Step 1: Convert the Given Hyperbola Equation to Standard Form

The given equation of the hyperbola is $k x^{2}-y^{2}=6$. Our first objective is to transform this equation into the standard form $\frac{x^2}{a^2} - \frac{y^2}{b^2} = 1$. This allows us to directly identify the values of $a^2$ and $b^2$.

To achieve this standard form, we divide the entire equation by the constant on the right-hand side, which is 6: $\frac{k x^{2}}{6} - \frac{y^{2}}{6} = \frac{6}{6}$ $\frac{x^{2}}{6/k} - \frac{y^{2}}{6} = 1$

Now, by comparing this to the standard form $\frac{x^2}{a^2} - \frac{y^2}{b^2} = 1$, we can identify the values of $a^2$ and $b^2$: $a^2 = \frac{6}{k} \quad \text{and} \quad b^2 = 6$

Important Note: For a hyperbola with its transverse axis along the x-axis (as implied by the standard form we chose), $a^2$ must be a positive real number. Therefore, $a^2 = \frac{6}{k} > 0$, which implies that $k$ must be a positive value ($k > 0$). This condition will be crucial when solving for $k$.

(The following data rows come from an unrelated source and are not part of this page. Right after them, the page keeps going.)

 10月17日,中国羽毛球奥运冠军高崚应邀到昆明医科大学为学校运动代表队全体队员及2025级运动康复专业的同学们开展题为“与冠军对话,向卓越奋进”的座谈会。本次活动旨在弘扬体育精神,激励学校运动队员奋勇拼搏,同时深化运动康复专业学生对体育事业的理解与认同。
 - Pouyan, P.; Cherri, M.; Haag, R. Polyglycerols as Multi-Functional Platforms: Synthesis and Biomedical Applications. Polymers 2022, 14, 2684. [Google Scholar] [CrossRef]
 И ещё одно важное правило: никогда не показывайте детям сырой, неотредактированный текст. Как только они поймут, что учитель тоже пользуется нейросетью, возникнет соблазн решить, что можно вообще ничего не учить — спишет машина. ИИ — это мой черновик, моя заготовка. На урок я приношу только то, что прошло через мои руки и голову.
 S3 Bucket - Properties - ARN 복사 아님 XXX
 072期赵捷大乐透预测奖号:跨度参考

Step 2: Utilize the Directrix Information

The problem states that the line $x-1=0$, which simplifies to $x=1$, is a directrix of the hyperbola. From our key concepts, we know that the directrices of a hyperbola in the form $\frac{x^2}{a^2} - \frac{y^2}{b^2} = 1$ are given by $x = \pm \frac{a}{e}$.

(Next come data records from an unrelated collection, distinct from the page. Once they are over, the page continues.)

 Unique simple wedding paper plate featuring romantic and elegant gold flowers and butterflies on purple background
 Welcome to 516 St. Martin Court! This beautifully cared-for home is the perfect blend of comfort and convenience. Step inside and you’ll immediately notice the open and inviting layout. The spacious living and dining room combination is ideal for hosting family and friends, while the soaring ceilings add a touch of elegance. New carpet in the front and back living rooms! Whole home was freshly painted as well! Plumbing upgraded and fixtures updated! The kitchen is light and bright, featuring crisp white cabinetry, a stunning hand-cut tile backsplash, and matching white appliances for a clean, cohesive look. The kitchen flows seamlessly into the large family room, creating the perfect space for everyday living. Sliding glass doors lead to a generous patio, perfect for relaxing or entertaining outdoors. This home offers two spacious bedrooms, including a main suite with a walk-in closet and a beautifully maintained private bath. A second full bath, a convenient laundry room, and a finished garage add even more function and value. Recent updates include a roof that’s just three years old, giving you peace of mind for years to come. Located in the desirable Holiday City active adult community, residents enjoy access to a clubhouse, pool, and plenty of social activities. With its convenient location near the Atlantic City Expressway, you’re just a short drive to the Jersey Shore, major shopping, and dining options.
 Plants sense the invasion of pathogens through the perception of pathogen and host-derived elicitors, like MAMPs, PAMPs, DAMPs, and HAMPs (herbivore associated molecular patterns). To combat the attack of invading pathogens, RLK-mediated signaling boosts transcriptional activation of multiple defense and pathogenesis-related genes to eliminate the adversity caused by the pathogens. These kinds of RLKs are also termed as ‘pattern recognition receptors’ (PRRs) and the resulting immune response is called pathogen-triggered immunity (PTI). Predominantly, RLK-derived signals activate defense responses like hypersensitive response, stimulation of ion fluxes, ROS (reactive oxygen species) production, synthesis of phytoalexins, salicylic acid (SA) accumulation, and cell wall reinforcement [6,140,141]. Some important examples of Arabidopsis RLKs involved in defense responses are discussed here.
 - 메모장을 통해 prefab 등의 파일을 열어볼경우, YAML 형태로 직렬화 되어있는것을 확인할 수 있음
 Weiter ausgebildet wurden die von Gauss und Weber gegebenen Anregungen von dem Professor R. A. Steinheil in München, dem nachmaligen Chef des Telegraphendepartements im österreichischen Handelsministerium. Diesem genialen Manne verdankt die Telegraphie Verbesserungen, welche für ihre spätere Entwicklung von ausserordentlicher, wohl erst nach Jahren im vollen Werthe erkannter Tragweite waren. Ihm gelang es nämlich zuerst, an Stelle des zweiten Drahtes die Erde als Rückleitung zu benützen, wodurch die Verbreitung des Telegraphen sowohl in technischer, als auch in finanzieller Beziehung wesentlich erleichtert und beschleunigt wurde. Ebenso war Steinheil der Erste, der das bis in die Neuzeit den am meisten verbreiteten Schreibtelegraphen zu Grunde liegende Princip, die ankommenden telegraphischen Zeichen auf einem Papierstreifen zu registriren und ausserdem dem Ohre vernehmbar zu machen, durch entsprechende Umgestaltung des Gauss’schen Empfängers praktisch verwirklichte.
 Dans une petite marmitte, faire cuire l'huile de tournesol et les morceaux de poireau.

Since $x=1$ is a directrix, we must have: $\frac{a}{e} = 1$ This implies a direct and crucial relationship between $a$ and $e$: $a = e$ This equation will be instrumental in solving for the unknown constant $k$.

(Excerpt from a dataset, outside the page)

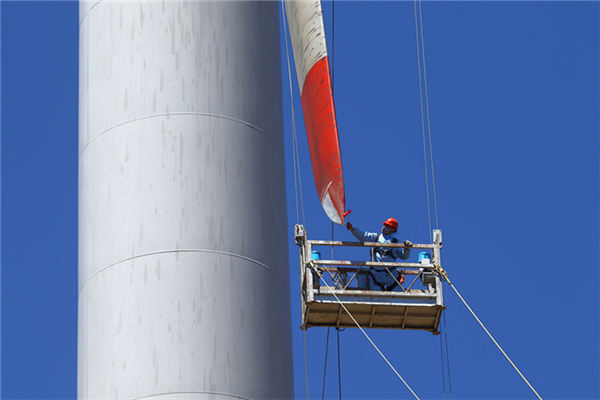 叶片客服部华东区共有15人,包含2个高空平台组,驻场服务和塔筒登高维修人员9人。他们常年奔波在各个风场,完成风力发电机叶片的安装和检修工作。不但要跟踪指导叶片吊装,在安全绳和风绳边缘穿梭巡检,还要攀爬70-140米的风机塔筒,克服内部高温进行维修作业。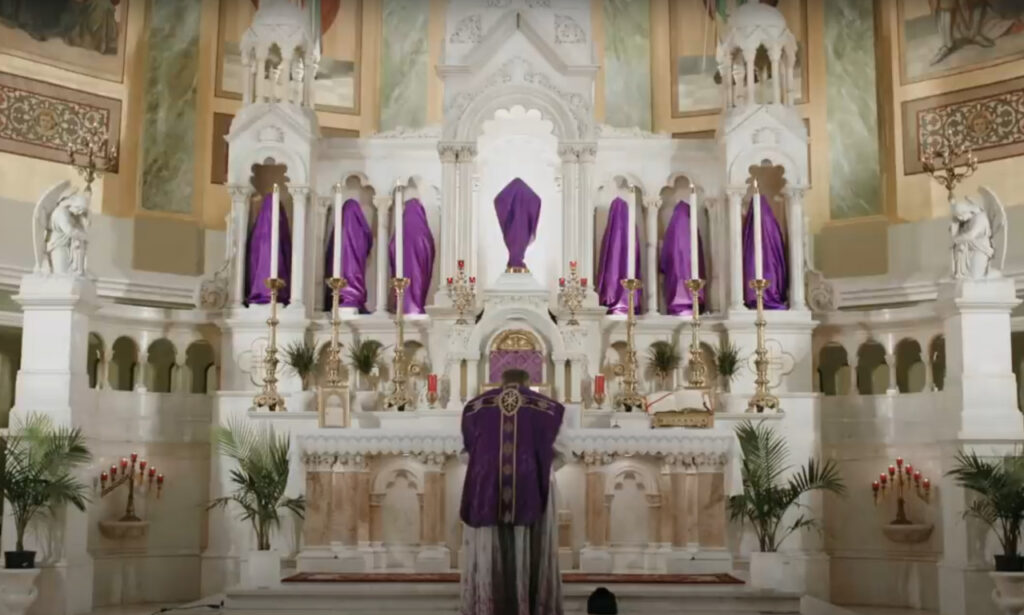 176. Ako nás Cirkev pripravuje svojou liturgiou na slávenie umučenia vo Veľkom týždni? Už sa nehovorí „Gloria Patri“. Večerné ofícium spieva Jeremiášove lamentácie. Fialové rúcha sa na Veľký piatok menia na čierne. Kríže sú zakryté a sochy a obrazy tiež.

Step 3: Express Eccentricity in Terms of $a^2$ and $b^2$

We know the fundamental formula for the eccentricity $e$ of a hyperbola with its transverse axis along the x-axis: $e^2 = 1 + \frac{b^2}{a^2}$ Now, we substitute the expressions for $a^2$ and $b^2$ that we found in Step 1 ($a^2 = \frac{6}{k}$ and $b^2 = 6$) into this eccentricity formula: $e^2 = 1 + \frac{6}{6/k}$ $e^2 = 1 + \frac{6k}{6}$ $e^2 = 1 + k$

Step 4: Solve for the Constant 'k'

We now have two important relationships involving $a$, $e$, and $k$: (i) $a = e$ (from the directrix information, Step 2) (ii) $e^2 = 1+k$ (from the eccentricity formula, Step 3) (iii) $a^2 = \frac{6}{k}$ (from the standard form conversion, Step 1)

From relation (i), squaring both sides gives us $a^2 = e^2$. Now, we can substitute the expressions for $a^2$ from (iii) and $e^2$ from (ii) into this equation: $\frac{6}{k} = 1+k$

Next, we solve this algebraic equation for $k$: $6 = k(1+k)$ $6 = k + k^2$ Rearranging this into a standard quadratic equation form: $k^2 + k - 6 = 0$ We can factor this quadratic equation: $(k+3)(k-2) = 0$ This gives two possible values for $k$: $k = -3$ or $k = 2$.

Common Mistake Alert: Recall the condition we established in Step 1: for $a^2 = \frac{6}{k}$ to be positive (which is necessary for $a$ to represent a real length), $k$ must be positive. Therefore, $k=-3$